Author: Tosin Kolawole
Contact: teedonk@gmail.com
- Overview
- Key Features
- Project Structure
- Installation
- Quick Start
- Methodology
- Key Findings
- Visualization & Analysis
- Results
- Contributing
- Citation
This project provides a comprehensive comparative analysis of Neuroevolution (NEAT) and Reinforcement Learning (DQN) approaches for maze navigation with deliberately misleading paths. The focus is on understanding how these two fundamentally different AI paradigms:
- React to challenging environments with deceptive rewards
- Decide between competing options under uncertainty
- Adapt their strategies over time through different learning mechanisms
Understanding how different AI approaches handle deception and misleading information is crucial for:
- Building robust AI systems that can navigate complex, adversarial environments
- Advancing toward Artificial General Intelligence (AGI) through comparative algorithm analysis
- Understanding the strengths and limitations of evolutionary vs gradient-based learning
- Developing hybrid approaches that combine population-based exploration with value-based exploitation
This research demonstrates that NEAT outperforms DQN in long-term maze navigation despite DQN's initially faster convergence. This finding highlights the importance of maintaining population diversity for sustained performance in environments with misleading information.

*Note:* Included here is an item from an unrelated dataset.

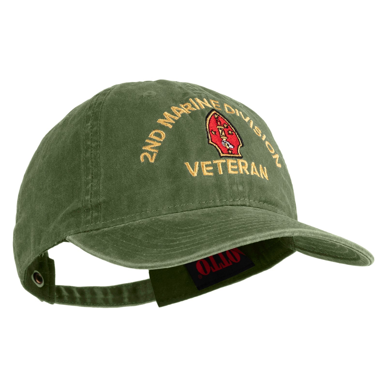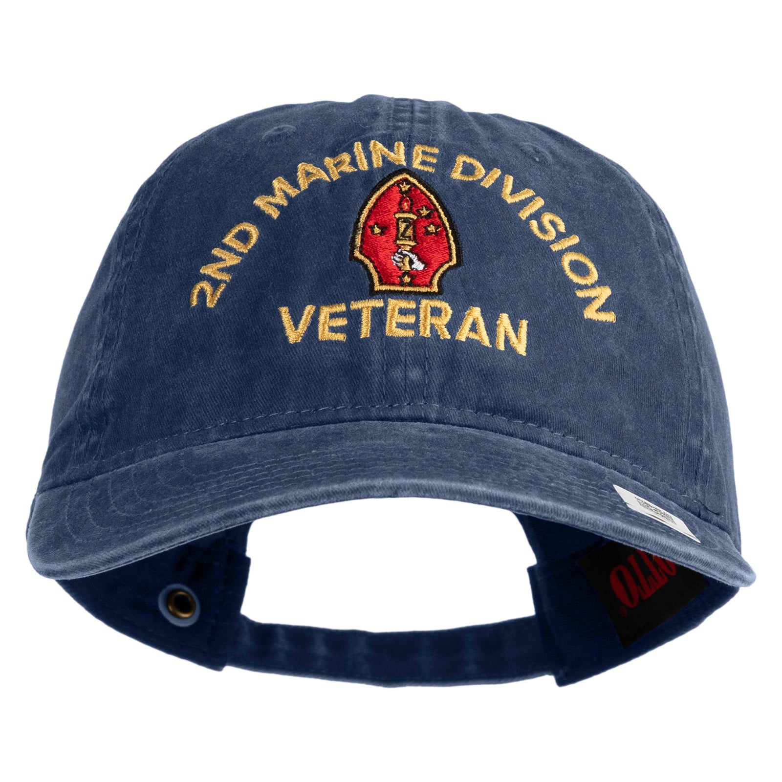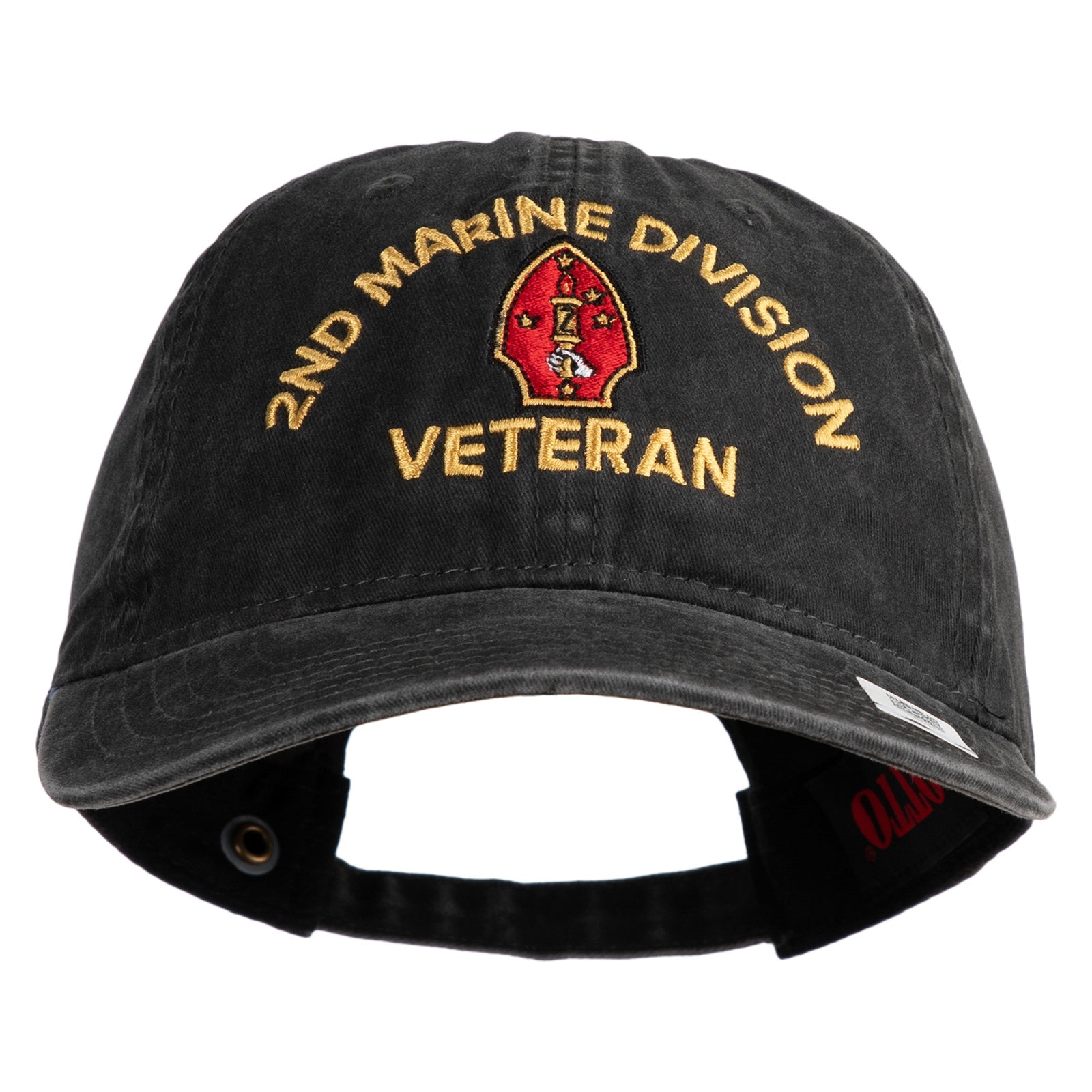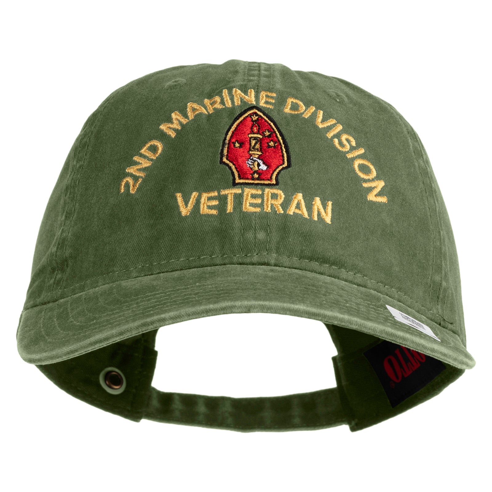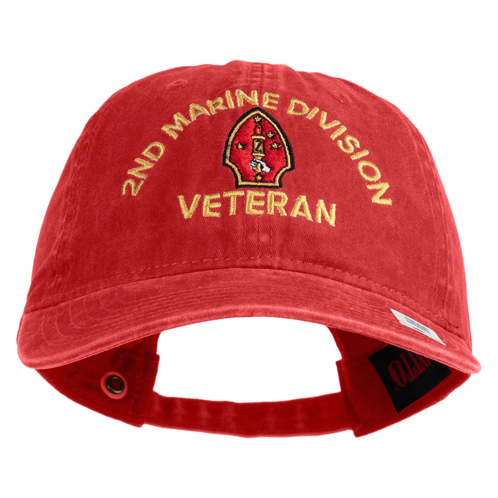 2nd Marine Division Veteran Embroidered Washed Solid Pigment Dyed Cotton Twill Brass Buckle Cap

- NEAT (NeuroEvolution of Augmenting Topologies): Population-based genetic algorithm with topology evolution
- DQN (Deep Q-Network): Value-based reinforcement learning with experience replay
- 5 NEAT agents displayed simultaneously with different colors and shapes
- Animated gold star goal with pulsing glow, sparkles, and rotating rings
- Real-time Q-value decision bars showing agent reasoning
- Live performance metrics (steps, rewards, distance, exploration)
- Generation/episode counters with epsilon decay tracking
- Performance comparison chart showing both methods over time
- Noise sensitivity analysis (0-50% observation noise)
- Generalization to randomly generated mazes
- Failure mode classification (loops, traps, timeouts)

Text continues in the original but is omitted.